Она встала, сложила ладони на животе и улыбнулась в последний раз. Потом развернулась и, ничего не говоря, вышла из беседки. Он ещё некоторое время сидел на краю лавки, потом встал и направился к воротам. Эмилия стояла на портике за колонной и смотрела ему вслед, гладя живот и не замечая, что слёзы продолжают катиться по щекам.

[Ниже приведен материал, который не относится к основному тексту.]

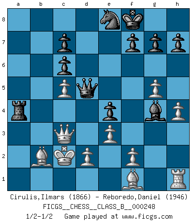 Last move : 1/2-1/2 2016 December 6 1:44:59 [Event "FICGS__CHESS__CLASS_B__000248"] [Site "FICGS"] [Date "2016.11.01"] [Round "1"] [White "Cirulis,Ilmars"] [Black "Reboredo,Daniel"] [Result "1/2-1/2"] [WhiteElo "1866"] [BlackElo "1946"] 1.b4 e5 2.a3 d5 3.Bb2 Bd6 4.Nf3 Qe7 5.c4 dxc4 6.e3 Nf6 7.Bxc4 O-O 8.Nc3 e4 9.Nd4 Nc6 10.Nxc6 bxc6 11.Qc2 Bd7 12.Na4 a5 13.Nc5 axb4 14.axb4 Rxa1+ 15.Bxa1 Ra8 16.Bb2 Bf5 17.Qc3 Ne8 18.Be2 Bxc5 19.bxc5 Qg5 20.g4 Be6 21.h4 Qd5 22.Kd1 Kf8 23.Kc2 Ra4 24.g5 Bg4 25.Bf1 Be6 26.Be2 Bg4 27.Bf1 1/2-1/2 Polish (Sokolsky) opening Kingside Castling by player Black (move 7) This chess game ended in a draw. Follow this game move after move (download)You need not play well - just help your opponent to play badly. (Genrikh Chepukaitis) Ich hatte meine größten Erfolge, als ich 47 Jahre alt war. Kasparow war noch nicht mal 42 und hat das Schach schon im Stich gelassen. (Viktor Kortschnoi) Bobby es la celebridad menos entendida y malinterpretada que camina el la faz de esta tierra. (Yasser Seirawan) Les sacrifices démontrent seulement que quelqu'un a gaffé. (Savielly Tartacover) They say poker is a zero-sum game. It must be, because every time I play my sum ends up zero. (Max Shapiro)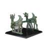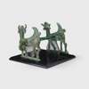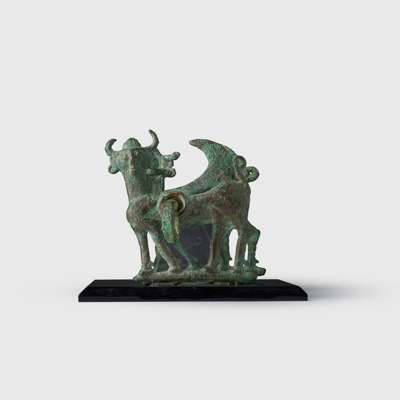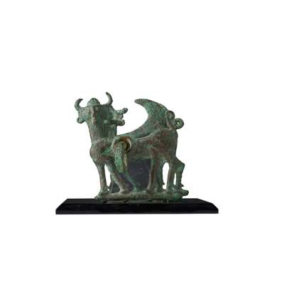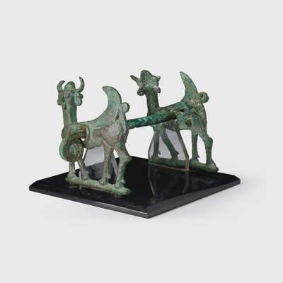 cast bronze, consisting of a rigid mouthpiece and a pair of cheek pieces formed as mythological creatures wearing a horned headdress, with striding hoofed feet, a curling tail and wings extending upwards, both perforated at the centre through which the bit has been placed, raised on a bespoke mount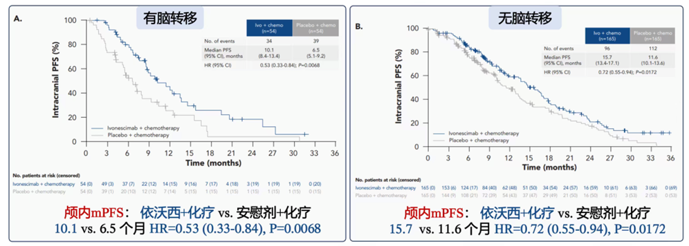 HARMONi研究共纳入438例三代EGFR-TKI进展后的EGFR突变NSCLC患者,其中基线伴脑转移者108例(每组各54例)。ELCC公布的结果显示[1],依沃西治疗组在基线伴有脑转移人群的颅内mPFS达到10.1个月,而对照组为6.5 个月,HR=0.53 (0.33-0.84), P=0.0068。在基线无脑转移人群中,依沃西治疗组的中位颅内PFS达15.7个月,也显著优于对照组的11.6个月,HR=0.72(0.55-0.94)。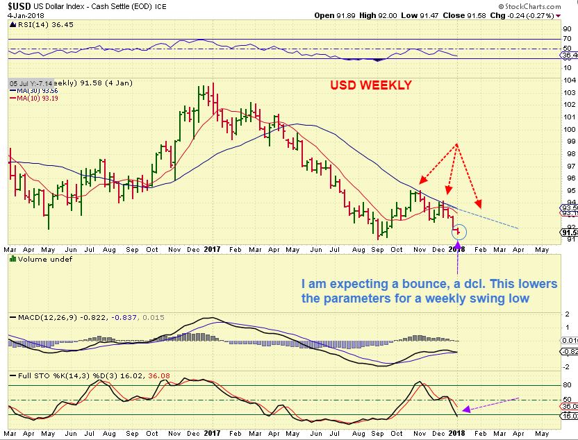 USD WKLY- We have lowered the parameters for a weekly swing low in the USD. It is due for a low. I expect a weak bounce, see the chart.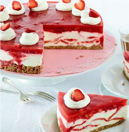 5 Blatt Gelatine in kaltem Wasser einweichen. Dann ausdrücken und bei schwacher Hitze auflösen. Erst 3 EL des übrigen Erdbeerpürees einrühren, dann unter den Rest Püree rühren. Die Erdbeerwürfel auf der Torte verteilen und das Püree daraufgießen.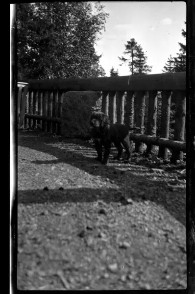 Hunden Rollo ved gjerde rundt terrassen på Villa Knyggen i Voksenlia, Oslo. Fotografert ca. 1920.
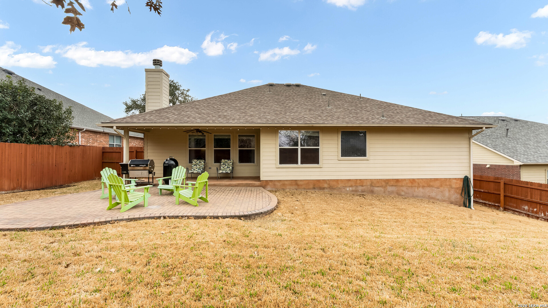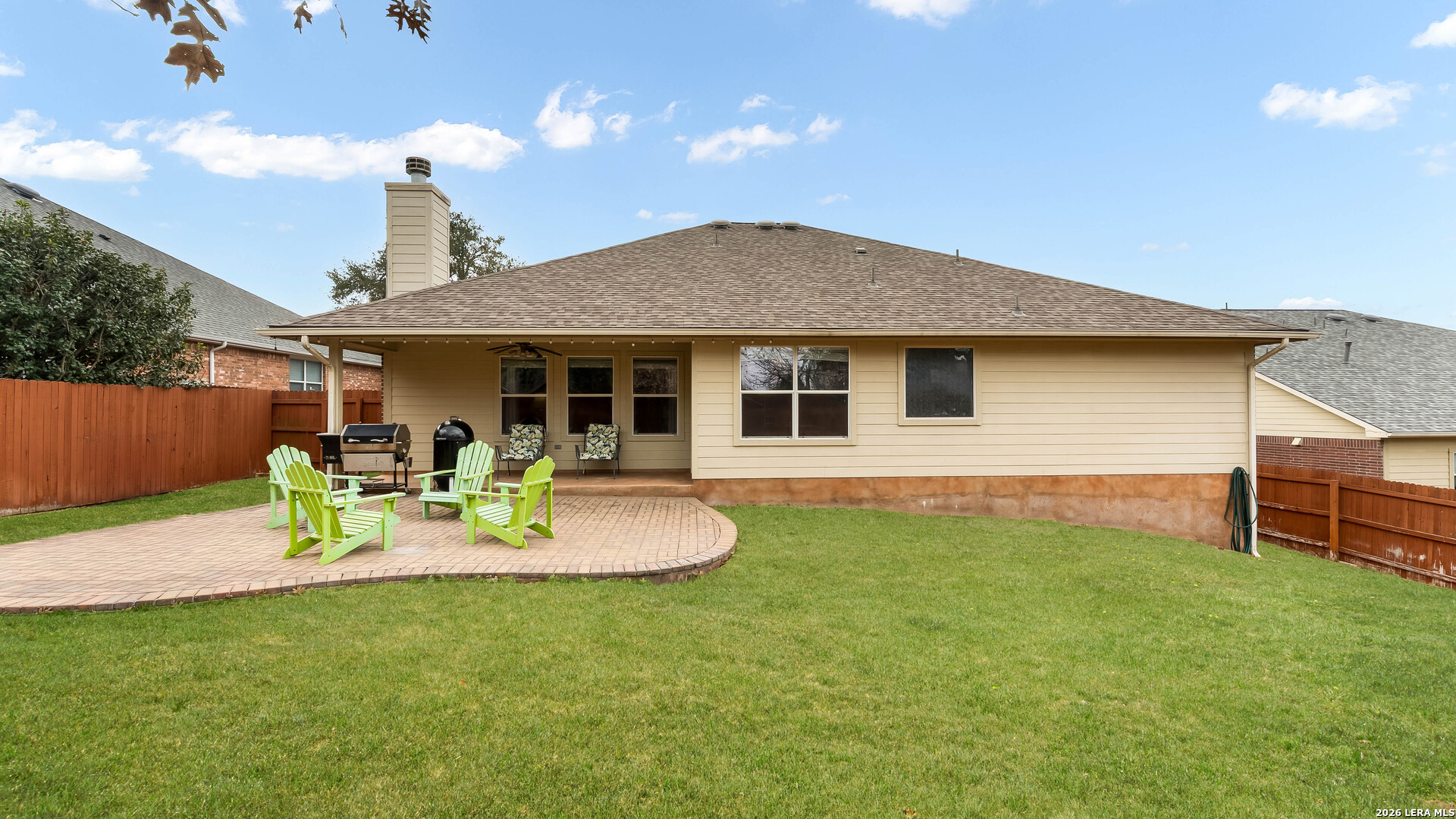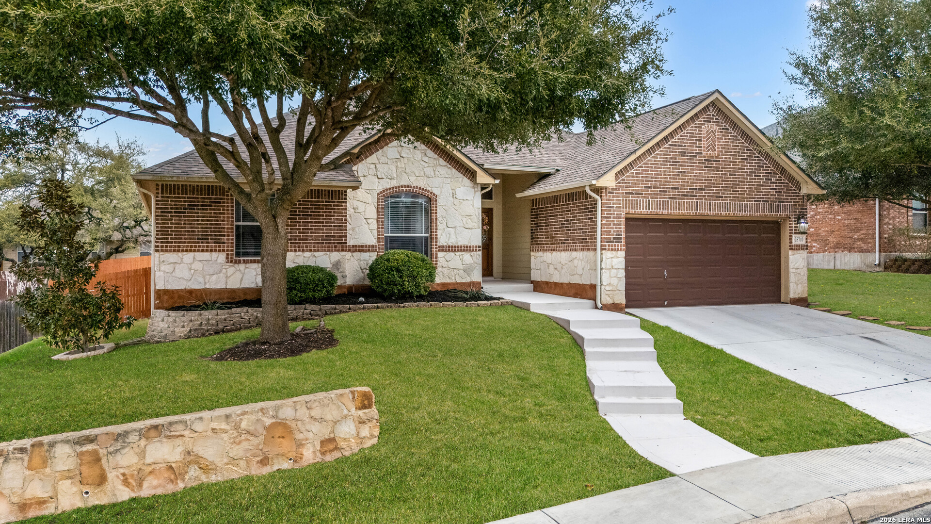 Beautiful single-story home on a quiet cul-de-sac in The Preserve at Indian Springs. Thoughtfully maintained and move-in ready, this home features a spacious living room with 10-ft ceilings, custom drapes, two ceiling fans, and a floor-to-ceiling Austin stone fireplace (wood-burning with gas starter). The kitchen offers granite countertops, tile backsplash, extra-tall cabinetry, center island, gas cooktop with Austin stone surround, large walk-in pantry, and a recently replaced built-in microwave. Split "mother-in-law" floor plan provides privacy, with the primary suite located on a separate hallway. The primary bath includes double vanities, garden tub, extra-tall shower, enclosed water closet, and a large walk-in closet. Additional highlights include Culligan water softener, 1-year-old water heater, 1-year-old garage door opener with keypad and remotes, Nest security camera system, mudroom with added storage, spacious attic storage, and laundry room with extra refrigerator and cabinetry. Enjoy the covered patio and extended paver entertaining area overlooking a landscaped yard with sprinkler system (front and back), upgraded Rain Bird controller, recently trimmed mature oak trees, magnolia and peach trees, and roof replaced approximately 3 years ago. Neighborhood amenities include an oversized family pool, covered pavilion, basketball court, and playground.

— Ты не хочешь пройти в дом? — раздался за спиной голос новой рабыни. Эмилия ничего не ответила, только отрицательно покачала головой. — Хочешь воды? — девушка протянула ей неглубокую чашу. Эмилия взяла её, но пить не стала. Рабыня вздохнула. — Твой мужчина убивает тебя, госпожа, — кротко произнесла она. — Он делает тебе больно.

— Да, — тихо согласилась она. — Ты — права. Но эта боль почему-то приятна… Как сладкий яд. Понимаешь, что гибнешь, но остановиться не можешь. И хочется пить ещё и ещё, — она замолчала. Рабыня, не зная, что ответить, стояла рядом и чувствовала, что после этой встречи с красивым мужчиной её госпожа резко изменилась и теперь уже вряд ли будет такой, как прежде.